The graffiti artists had been busy over the years. So had the littering gypsies and the midnight lovers, from the looks of the surrounding area. Nora picked her way around the worst of the muck, and found the tree—the signal tree, one chalk arrow pointing to the sky to indicate Letter Posted—No Go if the arrow was pointing down.

Arrow up.

There was a brick blast wall in front of the entrance to the shelter—the remnants of a wall, anyway, the top half of it having long ago crumbled into elemental time, the bottom half buried in an archaeological compost of flattened tins and shattered bottles, newspapers, plastic bags, a woman’s shoe.

Nora knelt down and dug away at the rubbish with a prudently gloved hand. Third brick from the far end, four rows up…She jiggled it loose, like a tooth, and found the envelope, nestled inside the cavity, plain white, all business, with a self-sealing flap.

She sincerely hoped whatever message it contained would not require translating after all this time. Her code books were gone—burned or shredded—that aspect of her life, she had thought—erroneously, quite obviously—long past.

The message was not enciphered: it was in plain English, and had been typed.

IMPERATIVE WE MEET

HAMPSTEAD HEATH, HALF PAST TWO, MONDAY

VICTOR

Nora tore the note into stamp-sized shreds, set them afire in the grass with a lighter from her handbag, and watched the tendrils of paper curl and glow and revert to ash.

Hampstead Heath, she thought, making her way back to the car. Victor’s favourite old haunt. I wonder what he wants.
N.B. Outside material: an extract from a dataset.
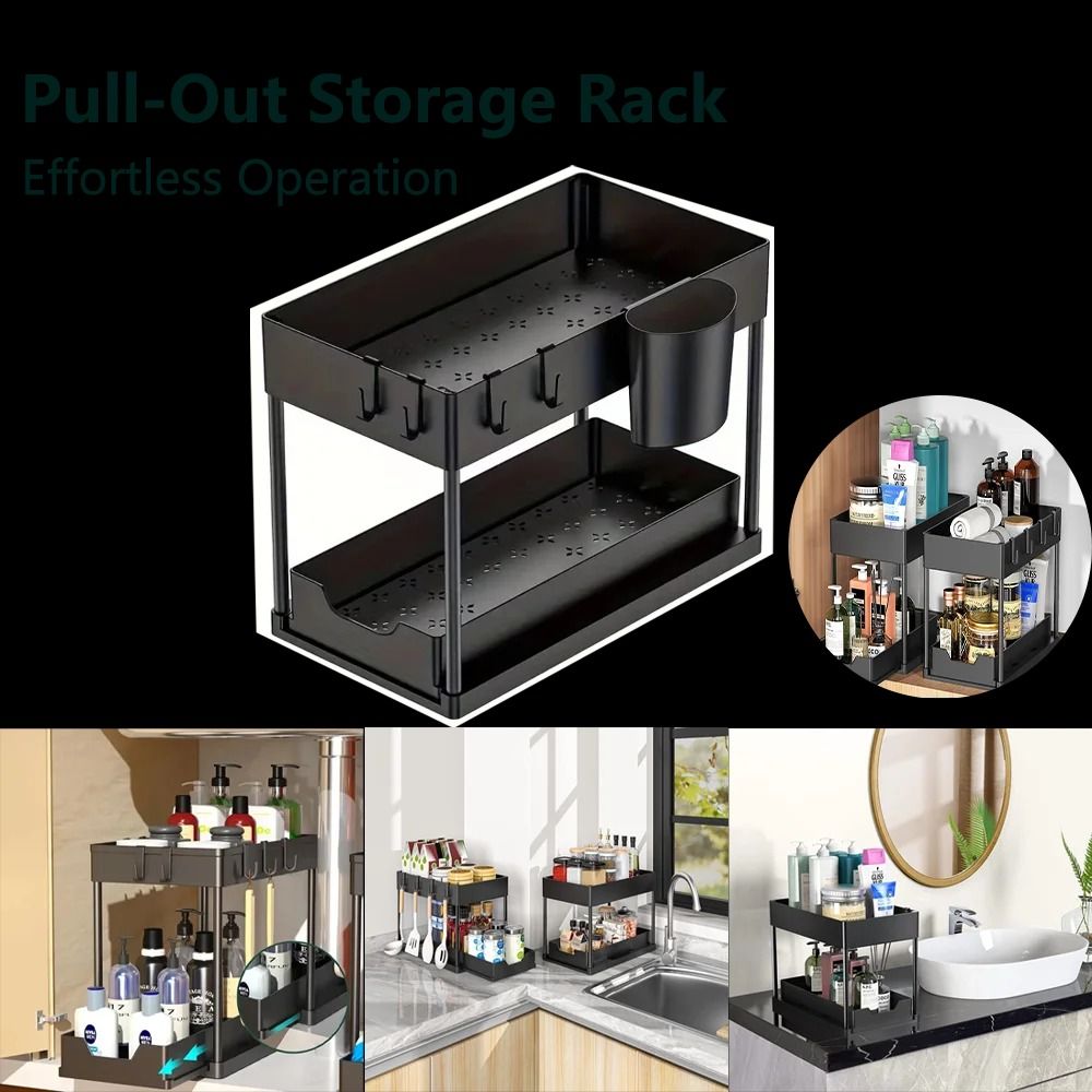 R Shape Double Layer Kitchen Countertop Organizer Pull Out Sink Storage Rack For Kitchen & Bathroom sinkrack c

There were any number of ways a person could avail themselves of the contents of another’s private conversations, and Evan knew most of them. There were the bugs: single microphones, extremely small, tethered by wire to their distant listening posts; microphones coupled with transmitters, somewhat larger, connected to existing power supplies or fitted with miniature batteries; passive devices designed to lie dormant for weeks or months, until they were stimulated to life by a remote radio signal.
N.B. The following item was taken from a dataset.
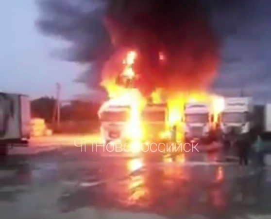 Telegram-каналов. По словам очевидцев, изначально загорелись две фуры, после чего огонь перекинулся на другие грузовики.

Transmitters might be physically incorporated into existing telephone lines, or simply soldered into the instrument’s printed circuitry. Or embedded in a square of adhesive and stuck to the corner of a window pane. Or concealed in the curtains, its thread-thin antenna woven right into the fabric. A dedicated listener, unable to penetrate a target room by conventional means, might even resort to picking up the minor vibrations of a person’s voice by bouncing laser beams off his window. Or by dropping a microphone into an air vent attached to a toilet—the theory being that the water in the toilet would act as a diaphragm and conduct the nearby noises up the pipe.